▶ **To do**: Using the data below, return the stretch from the line that contains "在主公的封地里,有几种必须的" through the line that contains "Příručka vá seznámí", both included, exactly as it stands and nothing beyond it.

▶ **Information supplied**:
******************************
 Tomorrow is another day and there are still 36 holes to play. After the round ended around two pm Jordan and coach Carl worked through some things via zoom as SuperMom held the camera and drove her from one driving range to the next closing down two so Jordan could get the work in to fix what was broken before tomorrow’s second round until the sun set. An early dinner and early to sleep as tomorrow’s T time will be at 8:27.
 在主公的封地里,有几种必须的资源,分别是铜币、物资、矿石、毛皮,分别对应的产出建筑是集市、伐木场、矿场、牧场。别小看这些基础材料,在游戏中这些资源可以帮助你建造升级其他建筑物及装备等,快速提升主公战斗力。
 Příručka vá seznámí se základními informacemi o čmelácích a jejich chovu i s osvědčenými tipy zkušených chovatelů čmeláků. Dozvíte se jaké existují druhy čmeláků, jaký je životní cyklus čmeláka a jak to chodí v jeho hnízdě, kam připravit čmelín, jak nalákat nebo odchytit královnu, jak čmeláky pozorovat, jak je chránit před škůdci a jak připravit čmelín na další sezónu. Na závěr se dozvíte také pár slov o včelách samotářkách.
******************************
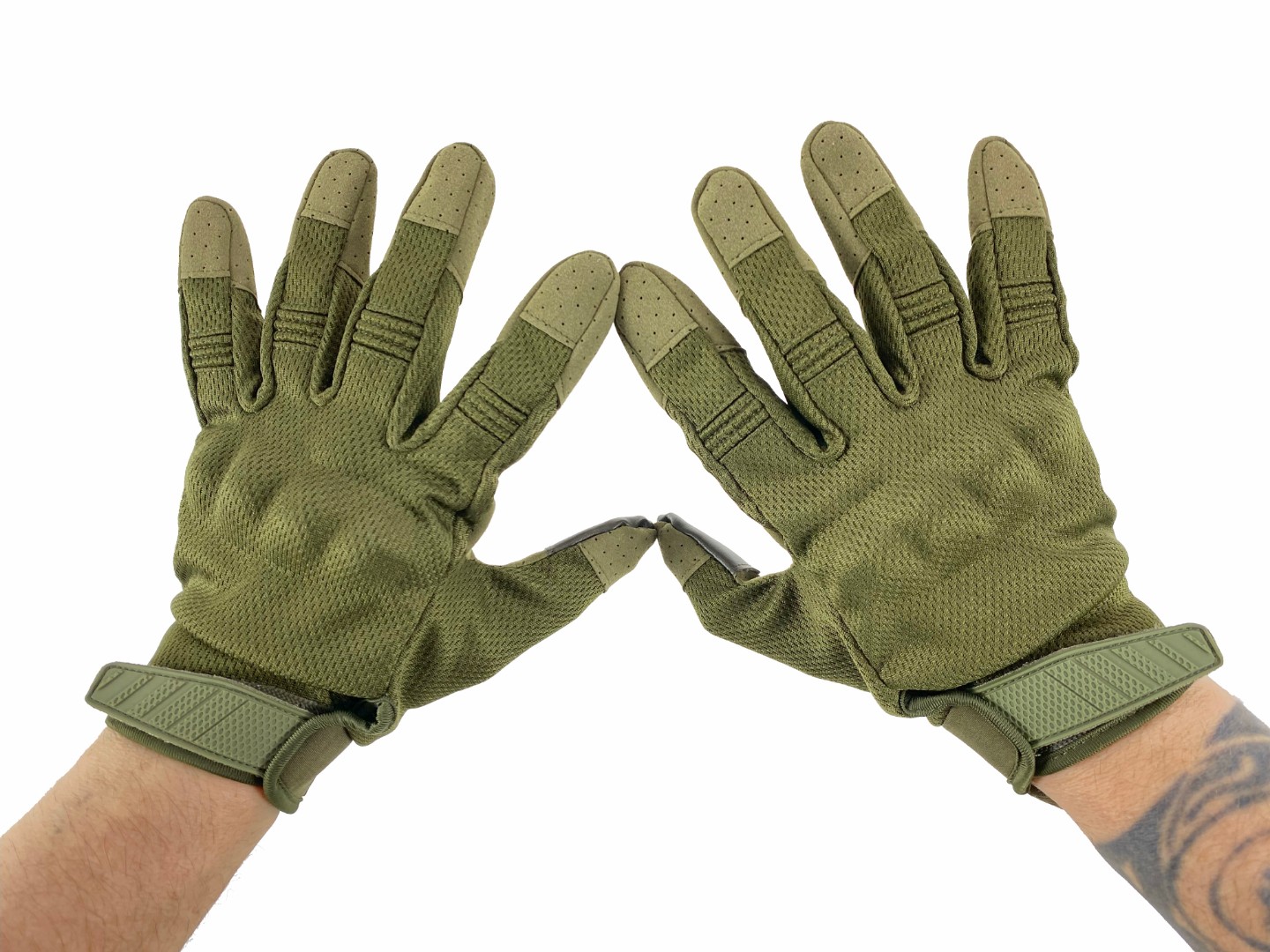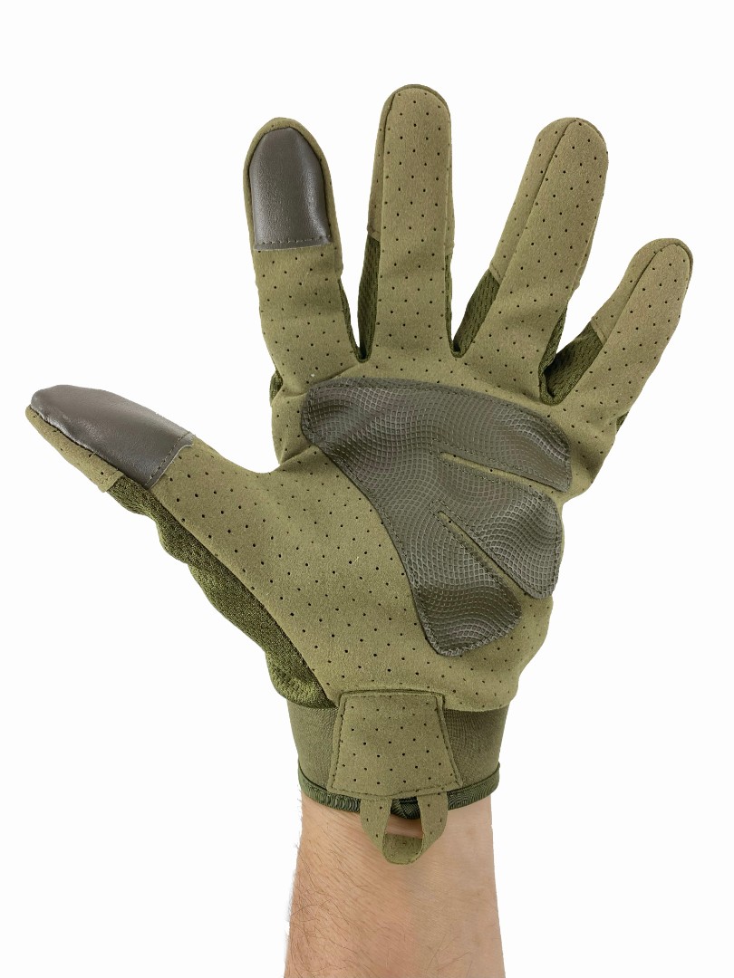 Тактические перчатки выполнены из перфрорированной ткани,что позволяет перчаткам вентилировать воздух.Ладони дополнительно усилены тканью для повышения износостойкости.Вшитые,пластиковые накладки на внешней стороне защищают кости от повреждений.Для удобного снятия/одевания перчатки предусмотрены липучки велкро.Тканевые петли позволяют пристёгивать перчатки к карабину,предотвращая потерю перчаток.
******************************
▶ **Exercise output**:
 在主公的封地里,有几种必须的资源,分别是铜币、物资、矿石、毛皮,分别对应的产出建筑是集市、伐木场、矿场、牧场。别小看这些基础材料,在游戏中这些资源可以帮助你建造升级其他建筑物及装备等,快速提升主公战斗力。
 Příručka vá seznámí se základními informacemi o čmelácích a jejich chovu i s osvědčenými tipy zkušených chovatelů čmeláků. Dozvíte se jaké existují druhy čmeláků, jaký je životní cyklus čmeláka a jak to chodí v jeho hnízdě, kam připravit čmelín, jak nalákat nebo odchytit královnu, jak čmeláky pozorovat, jak je chránit před škůdci a jak připravit čmelín na další sezónu. Na závěr se dozvíte také pár slov o včelách samotářkách.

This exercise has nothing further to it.